I’d imagine a couple of Finnex Fugeray Planted+ would suit the tank well.


Sent from my iPhone using Tapatalk


----------



## jyding (Oct 30, 2018)

From most of what I read two LED lights seems to be the answer, but the issue I'm having is that two Finnex Fugeray Planted+ is about $230 which is about the price of a twinstar 900e. I've seen the twinstar 900E grow a high tech show tank at my LFS just fine (it is a UNS 120U) so if I am to spend that much money I might as well go for the twinstar 900E. 

So I guess what I'm really looking for is an option that is less than $200. :/


----------



## varanidguy (Sep 8, 2017)

jyding said:


> From most of what I read two LED lights seems to be the answer, but the issue I'm having is that two Finnex Fugeray Planted+ is about $230 which is about the price of a twinstar 900e. I've seen the twinstar 900E grow a high tech show tank at my LFS just fine (it is a UNS 120U) so if I am to spend that much money I might as well go for the twinstar 900E.
> 
> So I guess what I'm really looking for is an option that is less than $200. :/


That's a fair assessment to make, but would a single 900E be able to cover the entire spread of the tank? Most likely not if you want even lighting throughout rather than mainly in the back/middle of the tank.
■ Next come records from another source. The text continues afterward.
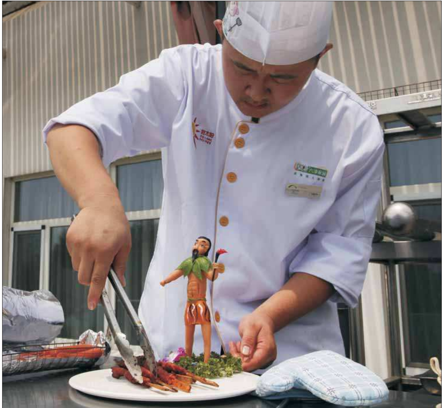
SOLAR VALLEY. A chef sets a plate with food cooked by solar cookers near a mini statue of mythical Chinese archer Houyi who, according to legend, shot down nine suns before harnessing fire for humanity's benefit, in Dezhou in eastern Shandong province, China. Two dozen chefs with white aprons and hats prepared soups, baked "baozi" pork buns, and boiled rice porridge at a festival designed to demonstrate the potential of solar cookers that organizers claim can help reduce climate-changing greenhouse-gas emissions.

By Sam McNeil and Fu Ting The Associated Press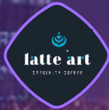
Latte Art Food and Beverage Co. W.L.L.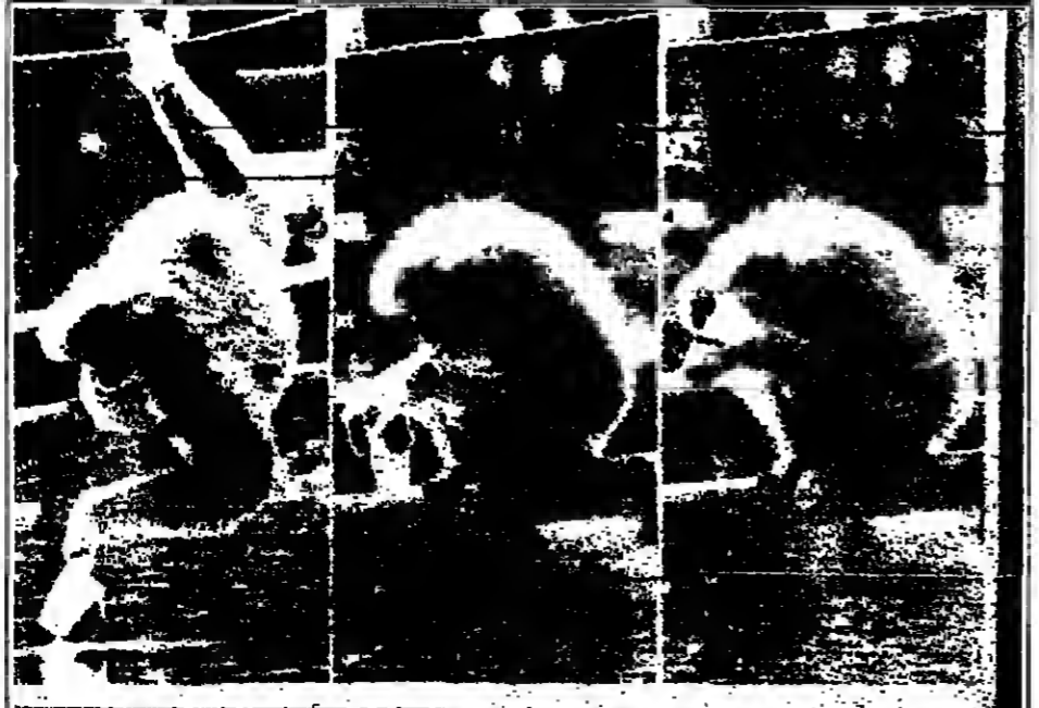
WELL IMITATED: This black gibbon of a Munich zoo imitates humans in having a drink. While balancing out on his bamboo perch, the gibbon angles for water with a little cup (left), then lifts the cup with both arms onto the bamboo perch (center) and finally is able to enjoy the drink.

position the Germans have stated publicly all along. In a related development, Portuguese Foreign Minister Andre Concalves Pereira met with Secretary of State Alexander Haig Wednesday for talks focusing on East-West issues and Portugal's importance in the NATO alliance. Meanwhile, Moscow's sharpest attack yet on the Reagan government is seen by Western analysts as a sign of Kremlin frustration over what it regards as U.S. attempts to expand influence in West Europe.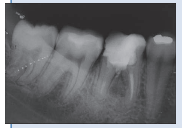
Figure 2c: Bone formation is visible at 6-month follow-up.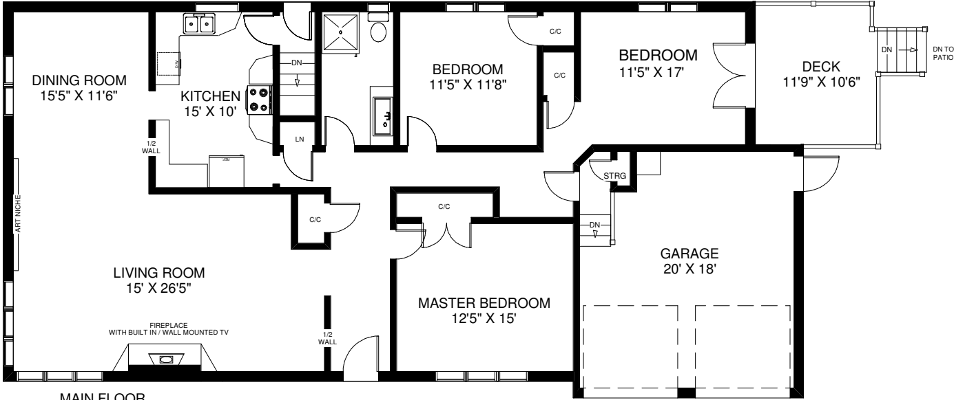
MAIN FLOOR APPROXIMATELY 1,750 SQ FT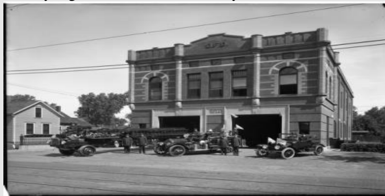
Example of Old Omaha image : Omaha Fire Department

"Old Omaha" – Some of the earliest images in the archive date to the creation of Omaha in the newly organized Nebraska Territory.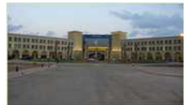
【 Djibouti 】 Kempinski Hotel and Resort Development Project (2008)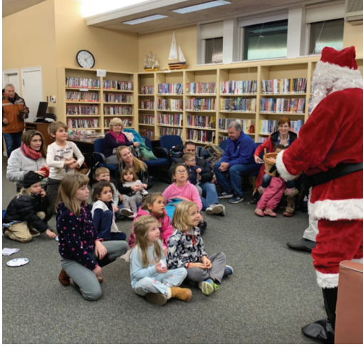
Santa greets everyone after a reading of Twas the Night Before Christmas on the evening of the Holiday Stroll.

You could look at Chihiros lights, lots of success stories with the A series - I'm going to be trying out the RGB light on a nano tank. Or you could pair up a couple of Beamsworks lights, but the spectrum isn't the best imo.


----------



## jyding (Oct 30, 2018)

I think that the 900E is able to cover the entire spread of the tank. At my LFS their 120U is larger than my 40B and they're growing HC just fine across the front of their tank. I would just have to hang it or raise it above my tank. 
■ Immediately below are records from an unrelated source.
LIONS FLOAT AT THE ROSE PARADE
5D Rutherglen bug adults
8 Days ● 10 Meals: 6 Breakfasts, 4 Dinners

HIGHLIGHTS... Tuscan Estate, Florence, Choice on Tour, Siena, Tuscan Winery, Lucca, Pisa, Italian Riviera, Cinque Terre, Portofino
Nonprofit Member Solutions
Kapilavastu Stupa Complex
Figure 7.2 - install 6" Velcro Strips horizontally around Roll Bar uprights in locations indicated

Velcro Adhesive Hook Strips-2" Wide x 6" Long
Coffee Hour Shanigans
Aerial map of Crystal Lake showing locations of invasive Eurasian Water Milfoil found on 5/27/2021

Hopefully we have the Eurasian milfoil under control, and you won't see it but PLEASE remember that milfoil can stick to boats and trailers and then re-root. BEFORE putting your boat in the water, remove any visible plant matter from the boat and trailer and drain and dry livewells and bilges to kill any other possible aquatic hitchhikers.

I haven't looked into the Chihiros lights too much. Do you think they'd be high enough light for my tank? 

I looked into the Beamsworks lights and it seems like a mixed review of it being bright enough, not bright enough, and spectrum being all wonky.


----------



## varanidguy (Sep 8, 2017)

jyding said:


> I think that the 900E is able to cover the entire spread of the tank. At my LFS their 120U is larger than my 40B and they're growing HC just fine across the front of their tank. I would just have to hang it or raise it above my tank.
> 
> I haven't looked into the Chihiros lights too much. Do you think they'd be high enough light for my tank?
> 
> I looked into the Beamsworks lights and it seems like a mixed review of it being bright enough, not bright enough, and spectrum being all wonky.


If it could cover the spread of your tank and give you the desired PAR at the same time, that would be a good choice, tbh. But it does come at a higher price than you initially wanted to pay. One thing I've learned in my hobbies is sometimes it's better to spend once and cry once, because if you make too much of a compromise, you'll wind up upgrading it down the line - or adding it, causing you to spend more money overall.

The Chihiros lights seem to have a decent following of people who really like them. I'll attach some PAR readings to this post.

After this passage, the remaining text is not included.